Owing to Mr. Adolph's systematic arrangements, when St. Clare turned round from paying the hackman, there was nobody in view but Mr. Adolph himself, conspicuous in satin vest, gold guard-chain, and white pants, and bowing with inexpressible grace and suavity.

"Ah, Adolph, is it you?" said his master, offering his hand to him; "how are you, boy?" while Adolph poured forth, with great fluency, an extemporary speech, which he had been preparing, with great care, for a fortnight before.

"Well, well," said St. Clare, passing on, with his usual air of negligent drollery, "that's very well got up, Adolph. See that the baggage is well bestowed. I'll come to the people in a minute;" and, so saying, he led Miss Ophelia to a large parlor that opened on the verandah.

While this had been passing, Eva had flown like a bird, through the porch and parlor, to a little boudoir opening likewise on the verandah.

A tall, dark-eyed, sallow woman, half rose from a couch on which she was reclining.

"Mamma!" said Eva, in a sort of a rapture, throwing herself on her neck, and embracing her over and over again.

"That'll do, — take care, child, — don't, you make my head ache," said the mother, after she had languidly kissed her.

St.

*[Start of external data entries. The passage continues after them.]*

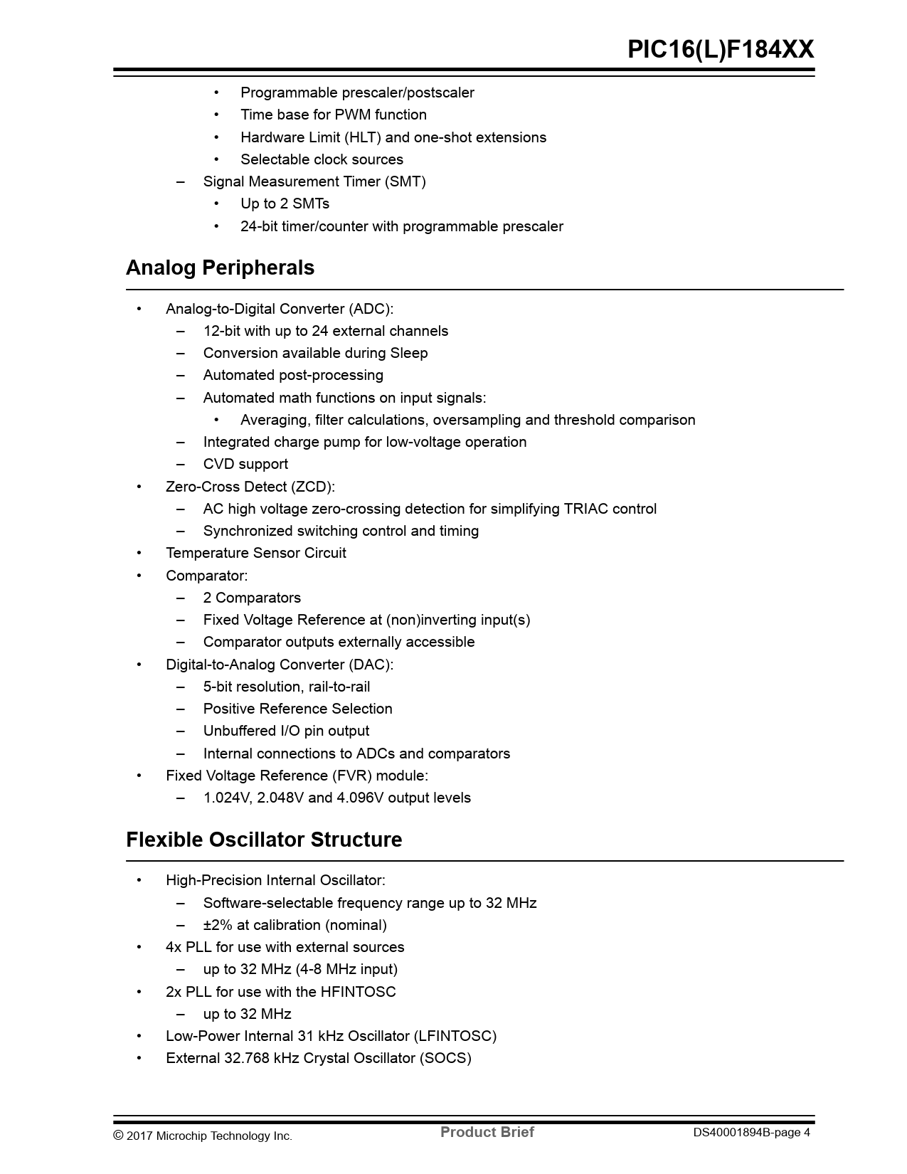 | 页数 / 页 | 18 / 4 — PIC16(L)F184XX. Analog Peripherals. Flexible Oscillator Structure. … |
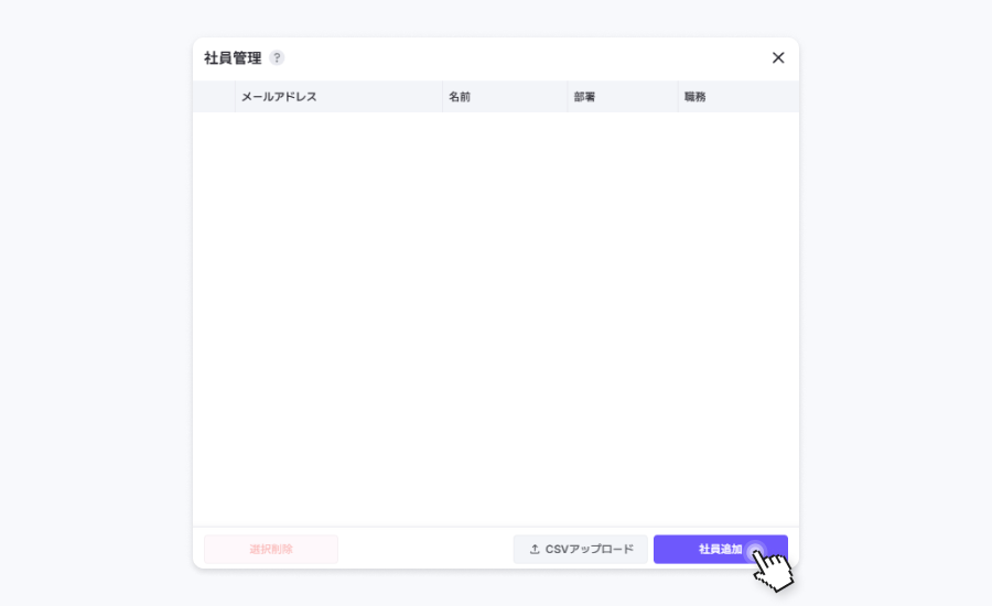 社員管理リストの[CSVアップロード]をクリックし、保存したCSVファイルを追加してください。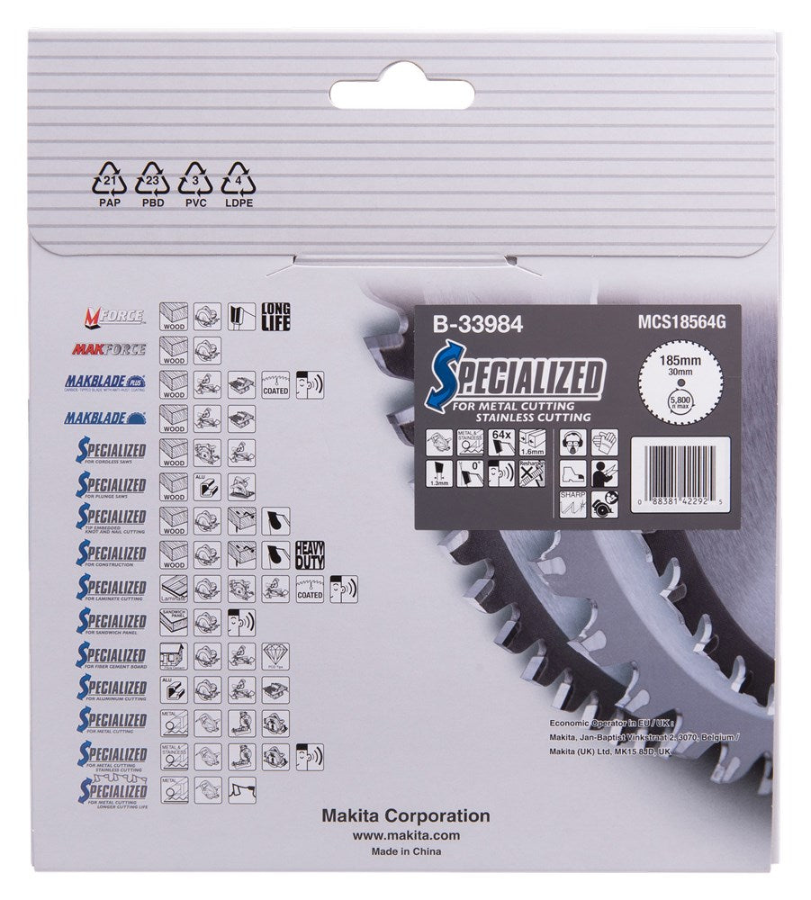Set bevat: Makita B-33984 Cirkelzaagblad RVS/Staal 185x30x1,6mm 64T – B-33984. Geschikt voor het nauwkeurig en braamvrij zagen van RVS en andere metalen materialen.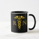 Imagem do símbolo médico caduceus e letras estilizadas R e N - Enfermeiro registrado. Caneca de café de arte elegante. Você pode transferir este design para outro produto, basta usar a opção a seguir. Divirta-se, comprar, aproveite, fique seguro e seja feliz!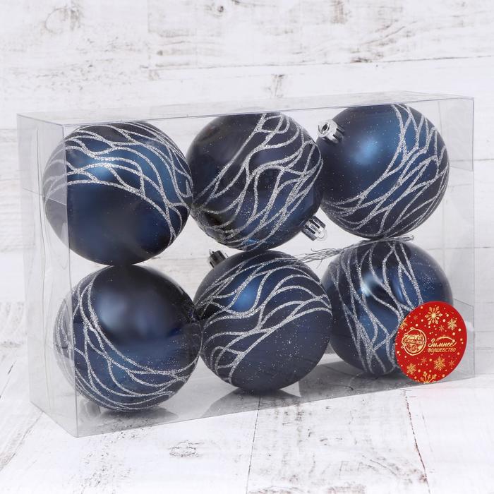 Ёлочные игрушки «Адель волны», шары новогодние, d=8 см, набор 6 шт., серебристо-синий — Характеристики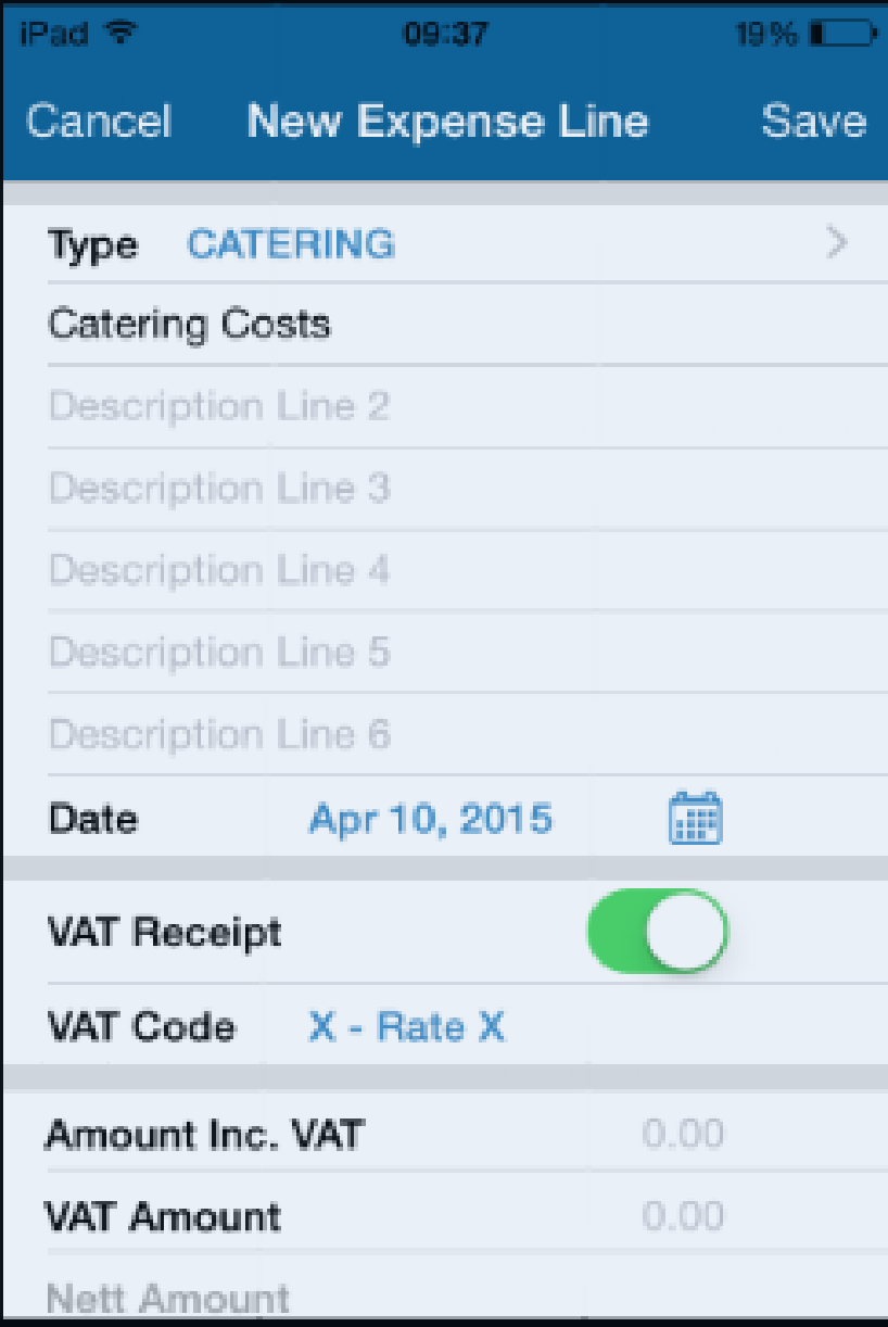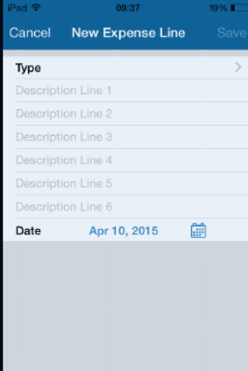 The following screens show how you can add new expenses on iOS devices.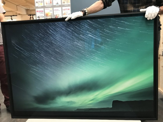 Aurora boreale e scie stellari in Islanda, 100x150cm, cornice museale, edizione 1/3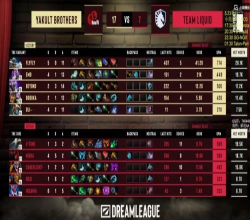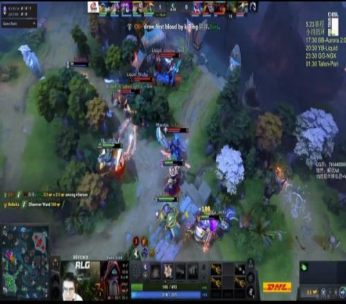 【20分钟】上路团战第一波,Liquid双大哥BKB强行打掉了flyfly飞机的盾,而YB则是切死了Boxi蝙蝠!起身的飞机被Nisha影魔+Insania萨尔双大压起身差点没了!还好Oli神谕给到保护!双方拉开!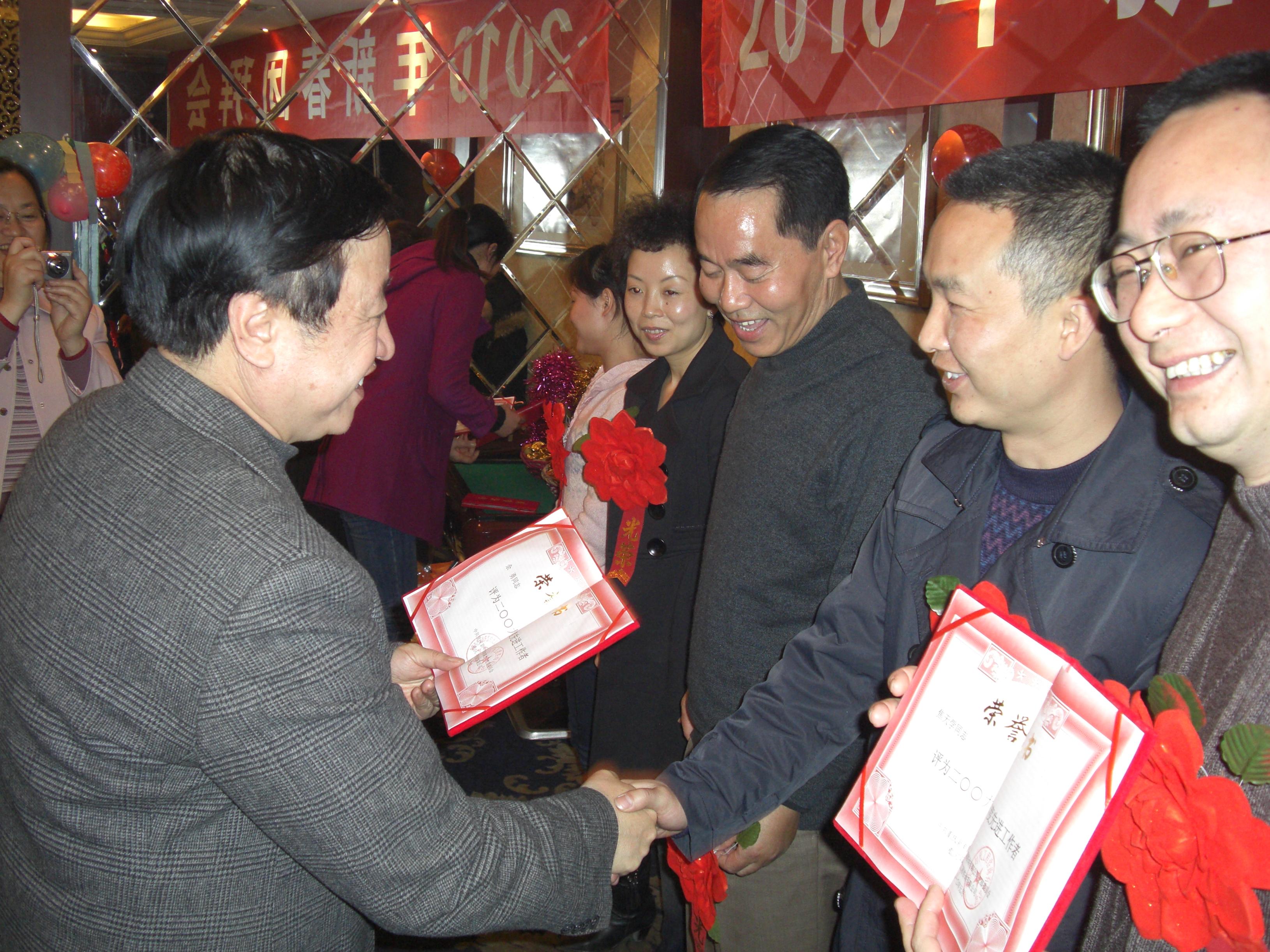 團(tuán)拜會(huì)對(duì)2009年評(píng)選出的先進(jìn)工作者進(jìn)行了表彰。屈總和林副總分別向先進(jìn)生產(chǎn)者頒發(fā)了證書和獎(jiǎng)金。

Clare came in, embraced his wife in true, orthodox, husbandly fashion, and then presented to her his cousin. Marie lifted her large eyes on her cousin with an air of some curiosity, and received her with languid politeness. A crowd of servants now pressed to the entry door, and among them a middle-aged mulatto woman, of very respectable appearance, stood foremost, in a tremor of expectation and joy, at the door.

"O, there's Mammy!" said Eva, as she flew across the room; and, throwing herself into her arms, she kissed her repeatedly.

This woman did not tell her that she made her head ache, but, on the contrary, she hugged her, and laughed, and cried, till her sanity was a thing to be doubted of; and when released from her, Eva flew from one to another, shaking hands and kissing, in a way that Miss Ophelia afterwards declared fairly turned her stomach.

"Well!" said Miss Ophelia, "you southern children can do something that I couldn't."

"What, now, pray?" said St. Clare.

"Well, I want to be kind to everybody, and I wouldn't have anything hurt; but as to kissing — "

"Niggers," said St. Clare, "that you're not up to, — hey?"

"Yes, that's it. How can she?"

St. Clare laughed, as he went into the passage. "Halloa, here, what's to pay out here? Here, you all — Mammy, Jimmy, Polly, Sukey — glad to see Mas'r?" he said, as he went shaking hands from one to another. "Look out for the babies!" he added, as he stumbled over a sooty little urchin, who was crawling upon all fours. "If I step upon anybody, let 'em mention it."

There was an abundance of laughing and blessing Mas'r, as St. Clare distributed small pieces of change among them.

"Come, now, take yourselves off, like good boys and girls," he said; and the whole assemblage, dark and light, disappeared through a door into a large verandah, followed by Eva, who carried a large satchel, which she had been filling with apples, nuts, candy, ribbons, laces, and toys of every description, during her whole homeward journey.